→ **TASK**: Your output should be the lines below from the one with "Women Floral Skater" through the one with "A simple pair", copied exactly, pictures excluded.

→ **SUPPLIED DATA**:
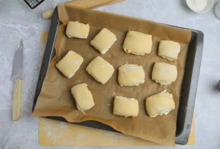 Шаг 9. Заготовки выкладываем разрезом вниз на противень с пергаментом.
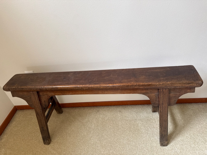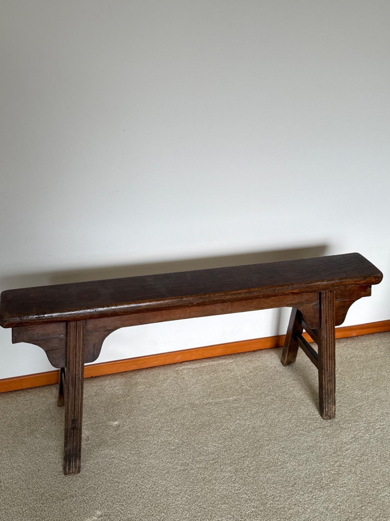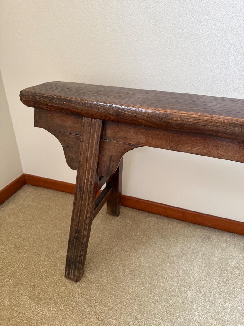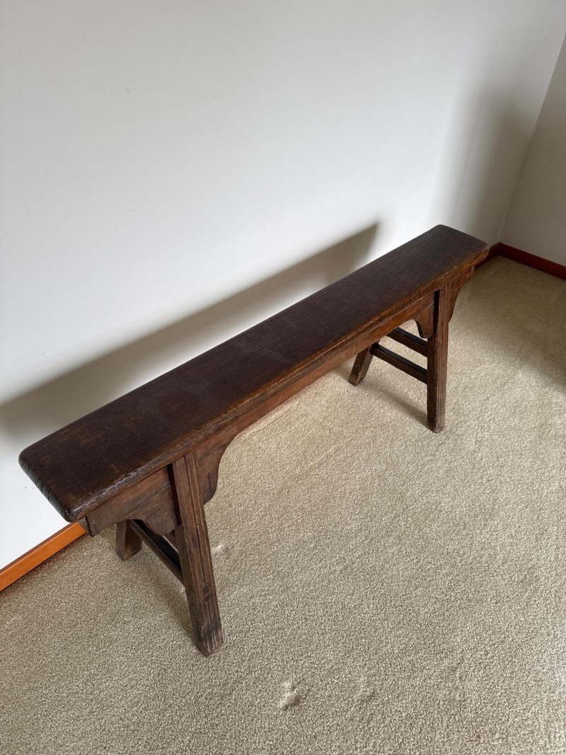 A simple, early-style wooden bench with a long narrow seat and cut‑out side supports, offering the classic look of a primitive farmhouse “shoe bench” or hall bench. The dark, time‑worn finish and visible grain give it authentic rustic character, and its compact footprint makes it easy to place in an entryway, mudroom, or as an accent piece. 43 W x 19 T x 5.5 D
==
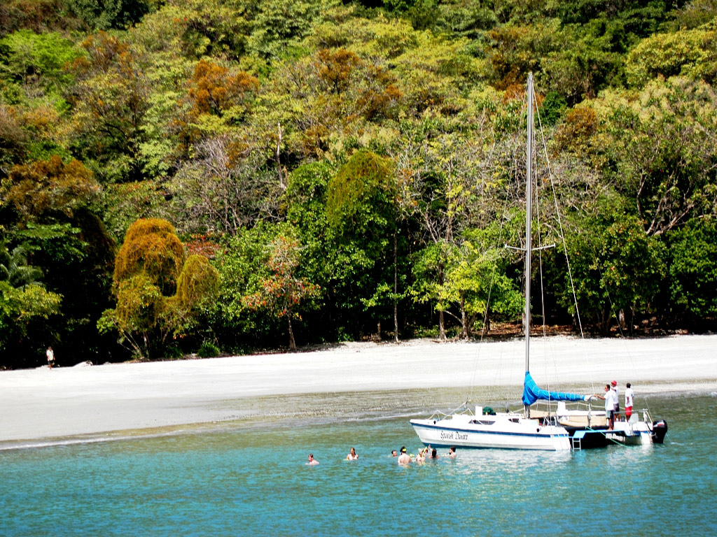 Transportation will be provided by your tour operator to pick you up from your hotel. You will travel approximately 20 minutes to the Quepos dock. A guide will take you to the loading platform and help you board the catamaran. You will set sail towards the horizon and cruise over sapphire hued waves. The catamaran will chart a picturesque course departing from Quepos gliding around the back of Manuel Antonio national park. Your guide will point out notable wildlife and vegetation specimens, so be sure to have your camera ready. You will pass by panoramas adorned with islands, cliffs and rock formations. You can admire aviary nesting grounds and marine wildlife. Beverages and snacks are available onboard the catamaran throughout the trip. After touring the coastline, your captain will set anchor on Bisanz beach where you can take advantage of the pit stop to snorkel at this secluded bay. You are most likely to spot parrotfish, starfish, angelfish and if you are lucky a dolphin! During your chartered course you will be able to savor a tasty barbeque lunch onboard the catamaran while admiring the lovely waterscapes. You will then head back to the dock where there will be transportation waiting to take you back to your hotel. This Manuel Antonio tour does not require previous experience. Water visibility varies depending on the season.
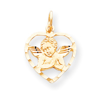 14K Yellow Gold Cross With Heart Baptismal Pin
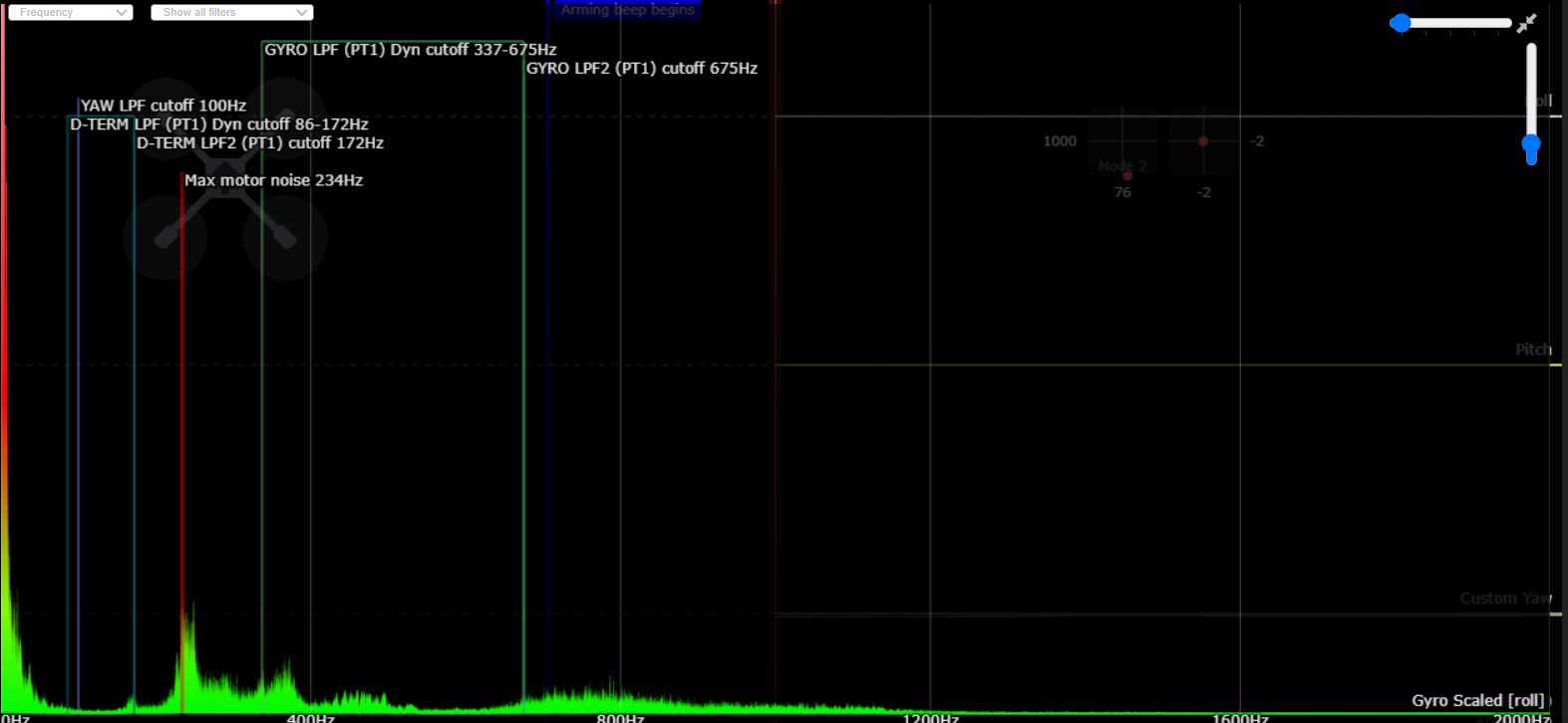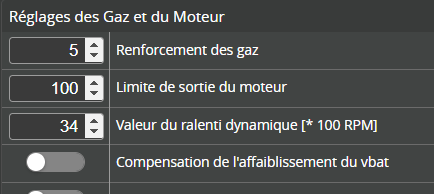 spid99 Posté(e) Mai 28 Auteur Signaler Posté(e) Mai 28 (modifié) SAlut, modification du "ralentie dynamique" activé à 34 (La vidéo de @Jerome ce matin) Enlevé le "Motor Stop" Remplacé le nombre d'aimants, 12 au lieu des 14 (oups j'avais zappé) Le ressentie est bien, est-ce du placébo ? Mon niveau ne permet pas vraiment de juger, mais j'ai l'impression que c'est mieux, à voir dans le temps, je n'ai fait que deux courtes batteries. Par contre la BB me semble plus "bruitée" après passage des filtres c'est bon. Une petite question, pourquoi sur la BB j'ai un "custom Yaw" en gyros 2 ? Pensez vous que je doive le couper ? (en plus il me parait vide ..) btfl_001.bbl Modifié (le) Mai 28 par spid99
--
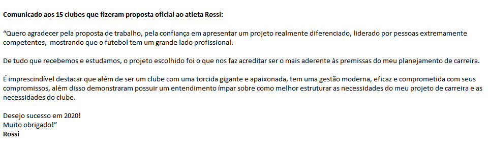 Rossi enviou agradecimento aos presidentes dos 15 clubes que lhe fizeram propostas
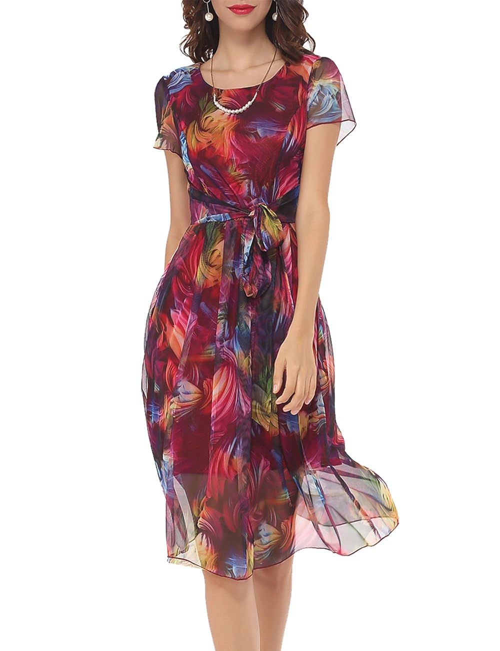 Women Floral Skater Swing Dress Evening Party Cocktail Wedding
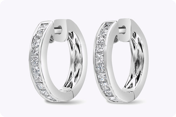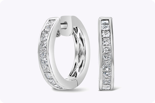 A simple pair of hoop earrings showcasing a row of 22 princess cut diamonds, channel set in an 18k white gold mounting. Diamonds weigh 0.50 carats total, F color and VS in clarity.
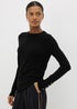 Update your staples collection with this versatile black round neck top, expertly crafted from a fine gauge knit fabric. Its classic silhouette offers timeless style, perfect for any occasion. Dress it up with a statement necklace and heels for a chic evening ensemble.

→ **REPLY TO THE EXERCISE**:
 Women Floral Skater Swing Dress Evening Party Cocktail Wedding
 A simple pair of hoop earrings showcasing a row of 22 princess cut diamonds, channel set in an 18k white gold mounting. Diamonds weigh 0.50 carats total, F color and VS in clarity.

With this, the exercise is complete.